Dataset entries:
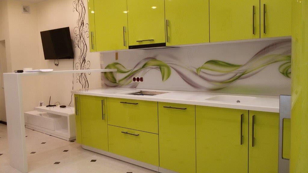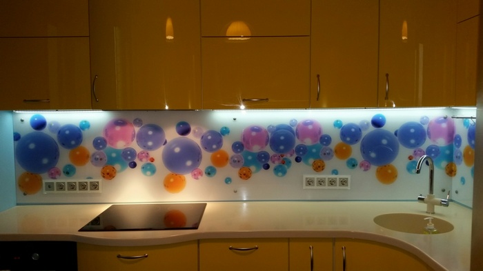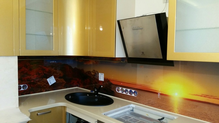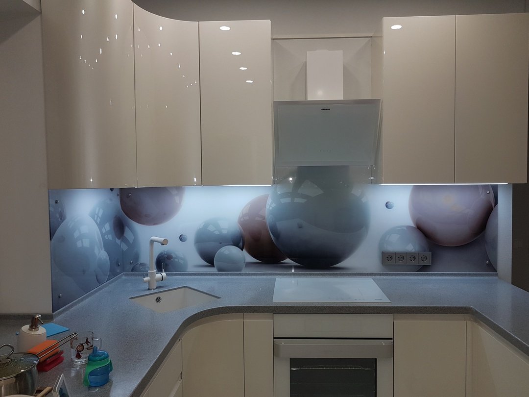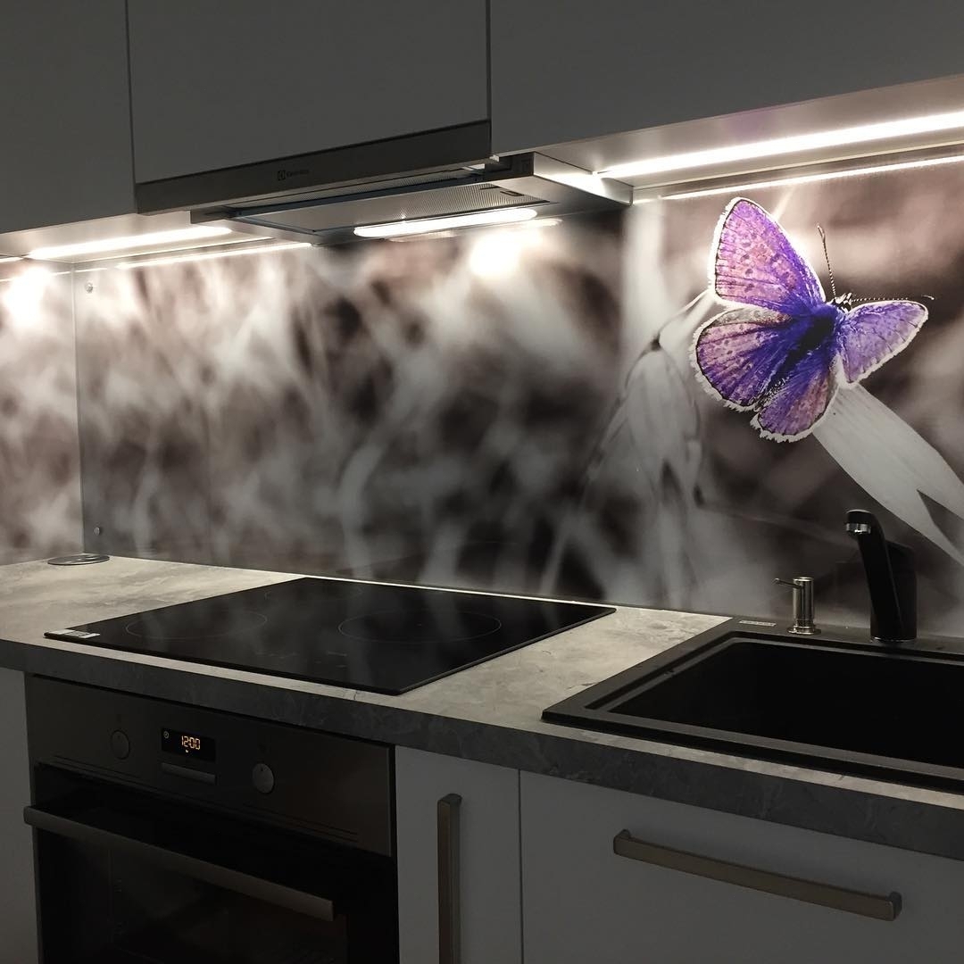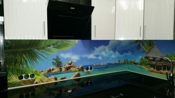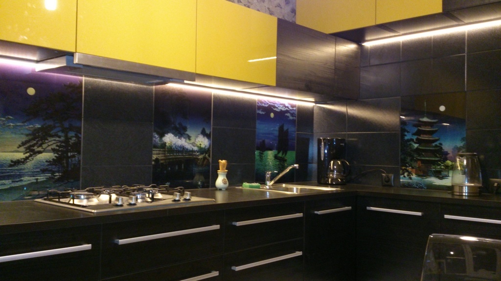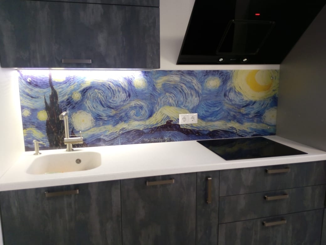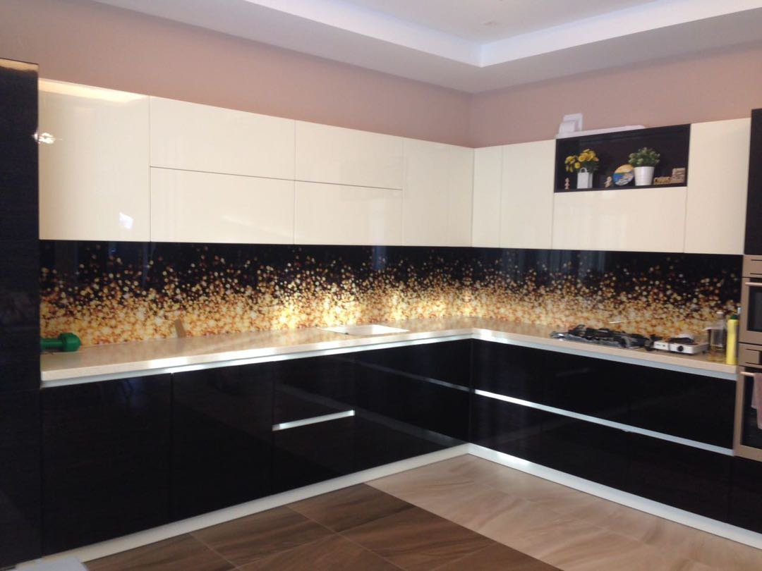 Но, это не главная особенность стеклянных панелей – главная особенность заключается в том, что UV-печать позволяет качественно нанести практически любое изображение, будь то фотография природы, города, лесной пейзаж, или просто набор орнаментов или схематичных изображений. Эта возможность делает скинали отличным элементом дизайна (дизайнер может изобразить на стеклянной поверхности практически все что угодно). Поэтому стеклянные фартуки являются превосходным украшением вашей кухни.
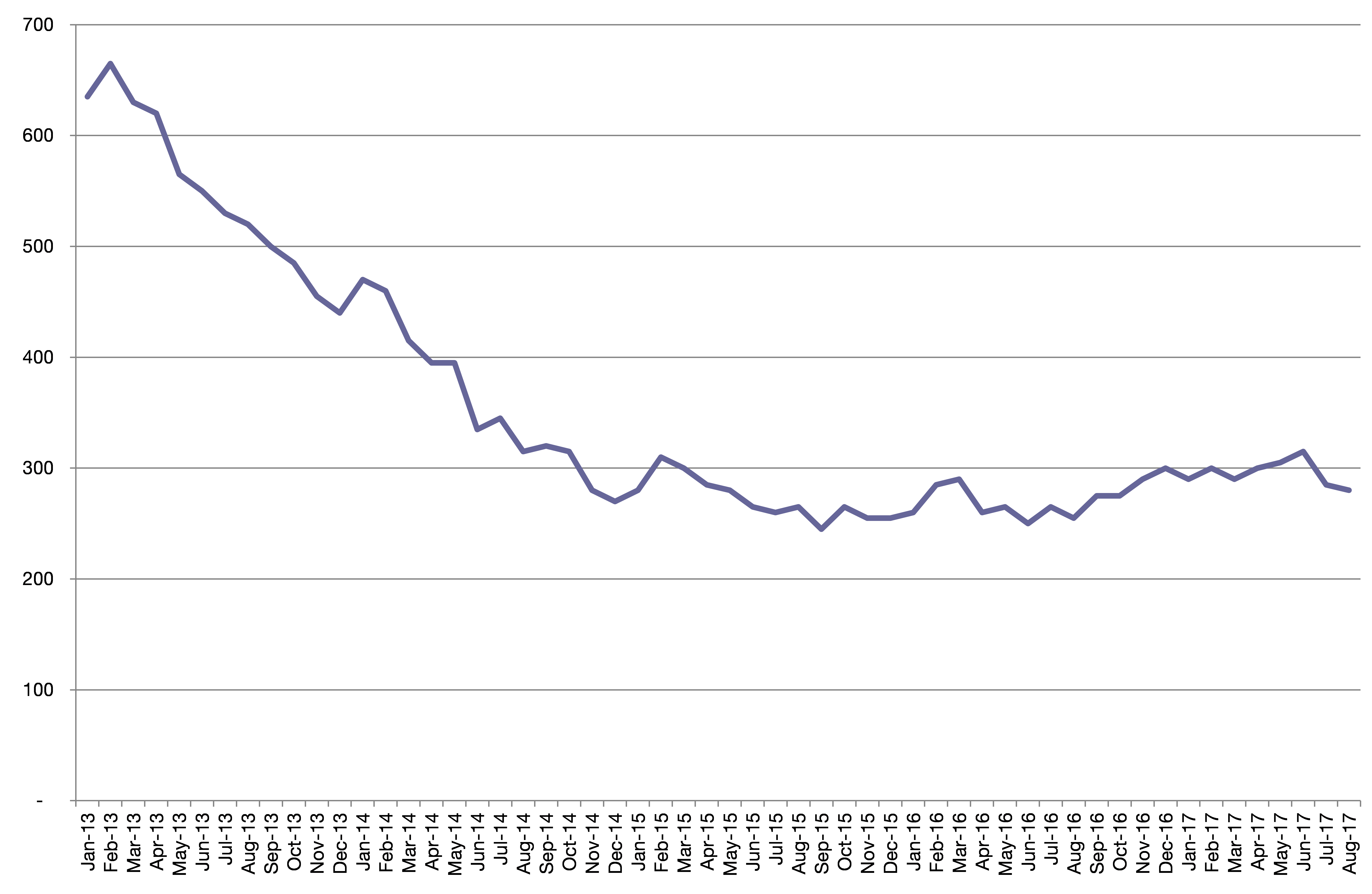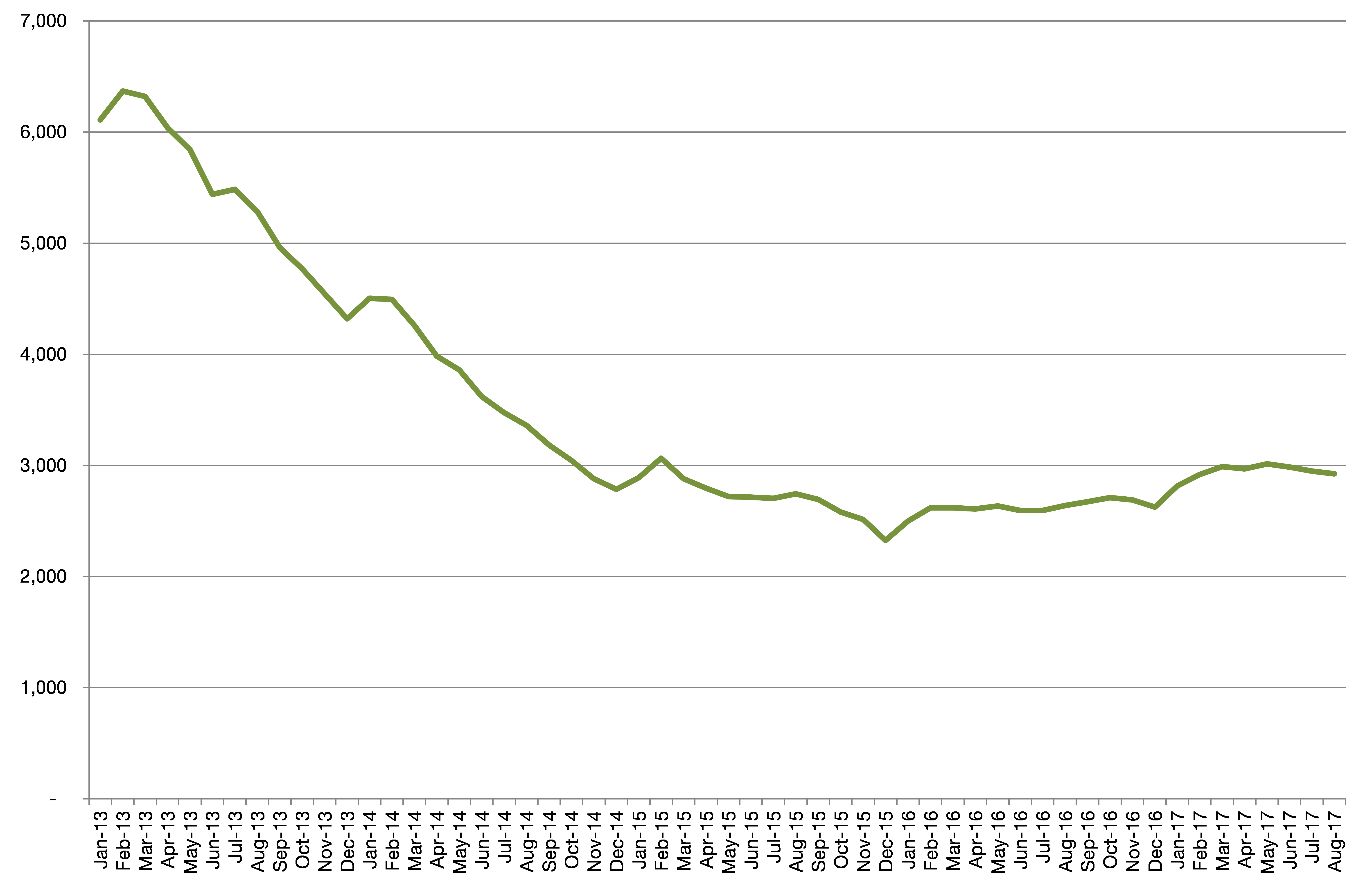 Chart 3: Chiltern’s claimant count over time, to August 2017
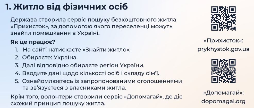 Найти бесплатное жилье можно на платформе “Прихисток”. Достаточно просто выбрать регион, указать информацию о составе семьи, ознакомиться с предложениями и связаться с собственниками жилья. Кроме того, существует созданный волонтерами сервис “Допомагай”, который действует по аналогичному принципу.
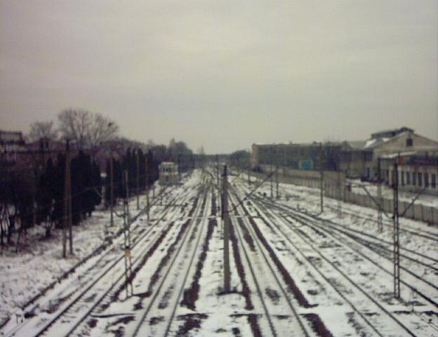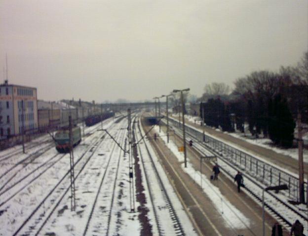 Widok z peronu 1 w kierunku północno-wschodnim (Białystok). Zaśnieżony tor, z którego odjeżdżały pociągi do Ostrołęki/Olsztyna (do tyłu zdjęcia).
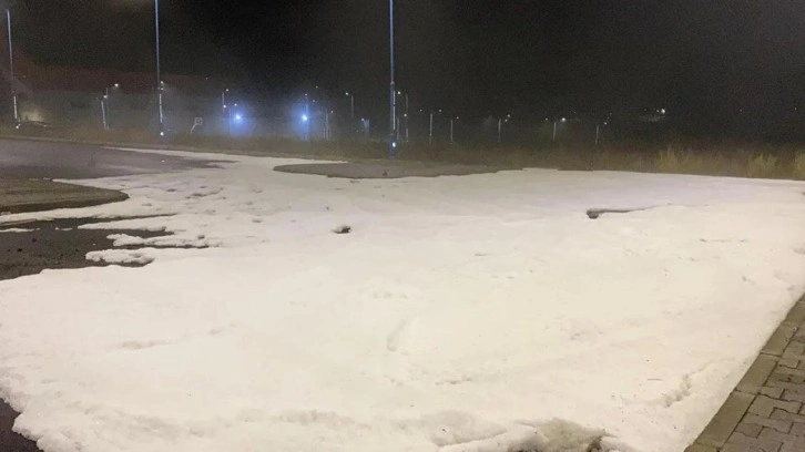 Ardahan'da akşam saatlerinde etkili olan şiddetli dolu, Ardahan- Kars karayolunu beyaza bürüdü.
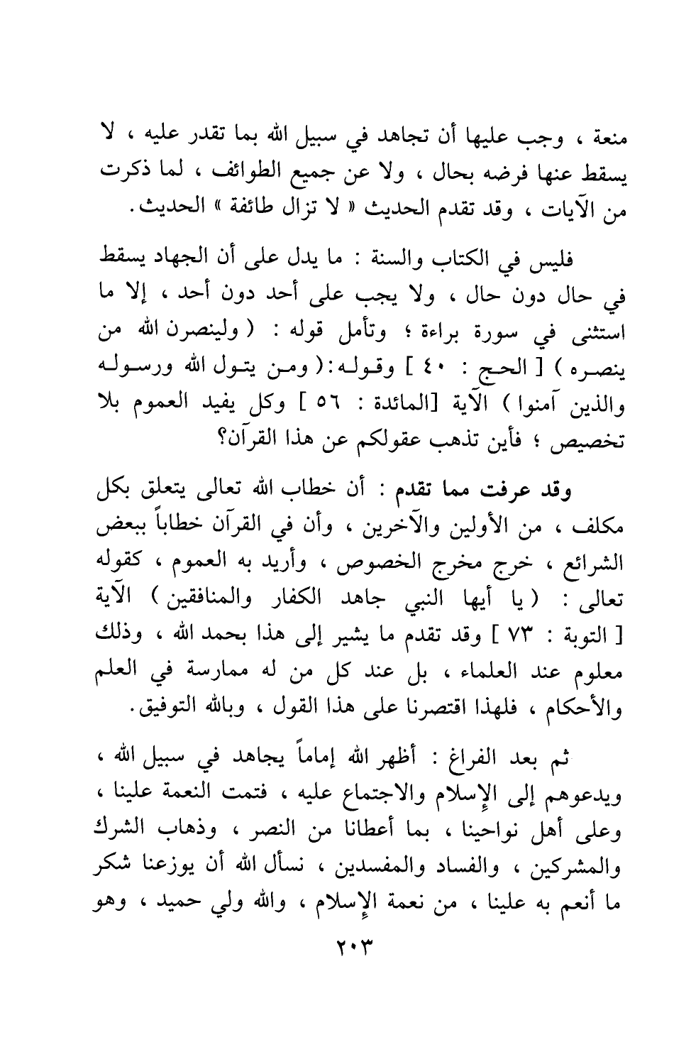 فليس في الكتاب والسنة ما يدل على أن الجهاد يسقط في حال دون حال، ولا يجب على أحد دون أحد، إلا ما استثنى في سورة براءة. وتأمل قوله: {وَلَيَنْصُرَنَّ اللَّهُ مَنْ يَنْصُرُهُ إ} [سورة الحج آية: 40] ، وقوله: {وَمَنْ يَتَوَلَّ اللَّهَ وَرَسُولَهُ وَالَّذِينَ آمَنُوا} الآية [سورة المائدة آية: 56] ؛ وكل يفيد العموم بلا تخصيص. فأين تذهب عقولكم عن هذا القرآن؟
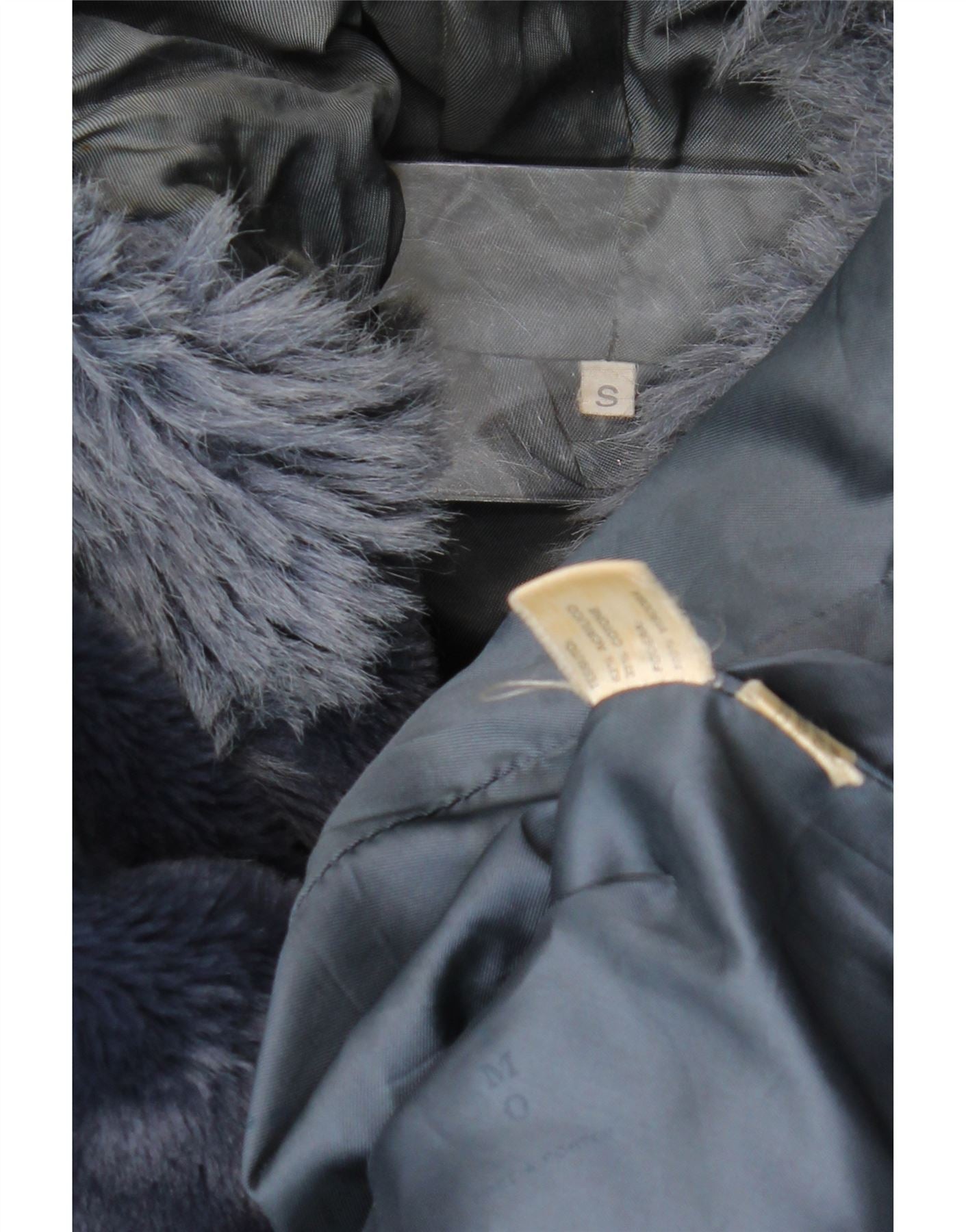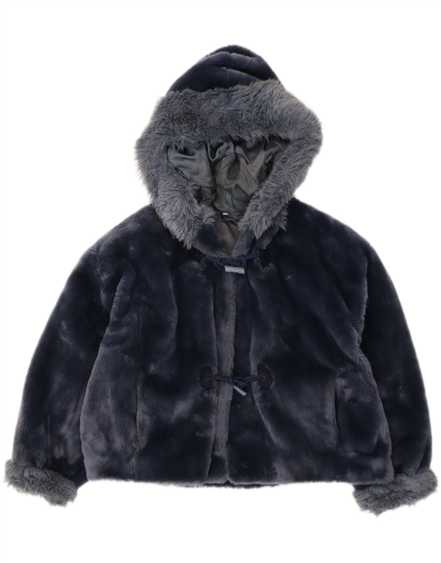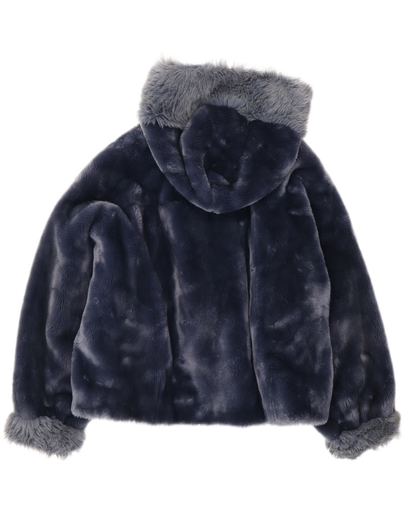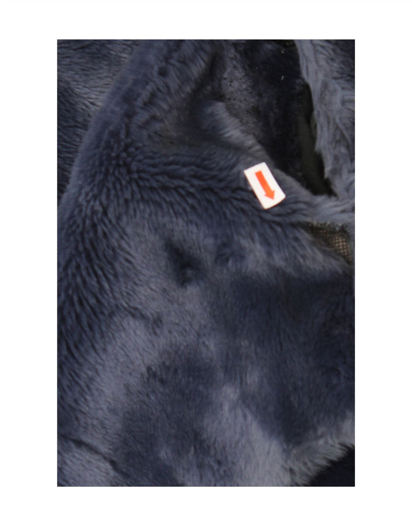 VINTAGE Womens Oversized Hooded Faux Fur Jacket UK 10 Small Navy Blue

> **HOW TO COMPLETE THIS TASK**
A faithful copy of each entry is required, and no picture may be carried into it.

> **ANSWER BOX**
 Но, это не главная особенность стеклянных панелей – главная особенность заключается в том, что UV-печать позволяет качественно нанести практически любое изображение, будь то фотография природы, города, лесной пейзаж, или просто набор орнаментов или схематичных изображений. Эта возможность делает скинали отличным элементом дизайна (дизайнер может изобразить на стеклянной поверхности практически все что угодно). Поэтому стеклянные фартуки являются превосходным украшением вашей кухни.
 Chart 3: Chiltern’s claimant count over time, to August 2017
 Найти бесплатное жилье можно на платформе “Прихисток”. Достаточно просто выбрать регион, указать информацию о составе семьи, ознакомиться с предложениями и связаться с собственниками жилья. Кроме того, существует созданный волонтерами сервис “Допомагай”, который действует по аналогичному принципу.
 Widok z peronu 1 w kierunku północno-wschodnim (Białystok). Zaśnieżony tor, z którego odjeżdżały pociągi do Ostrołęki/Olsztyna (do tyłu zdjęcia).
 Ardahan'da akşam saatlerinde etkili olan şiddetli dolu, Ardahan- Kars karayolunu beyaza bürüdü.
 فليس في الكتاب والسنة ما يدل على أن الجهاد يسقط في حال دون حال، ولا يجب على أحد دون أحد، إلا ما استثنى في سورة براءة. وتأمل قوله: {وَلَيَنْصُرَنَّ اللَّهُ مَنْ يَنْصُرُهُ إ} [سورة الحج آية: 40] ، وقوله: {وَمَنْ يَتَوَلَّ اللَّهَ وَرَسُولَهُ وَالَّذِينَ آمَنُوا} الآية [سورة المائدة آية: 56] ؛ وكل يفيد العموم بلا تخصيص. فأين تذهب عقولكم عن هذا القرآن؟
 VINTAGE Womens Oversized Hooded Faux Fur Jacket UK 10 Small Navy Blue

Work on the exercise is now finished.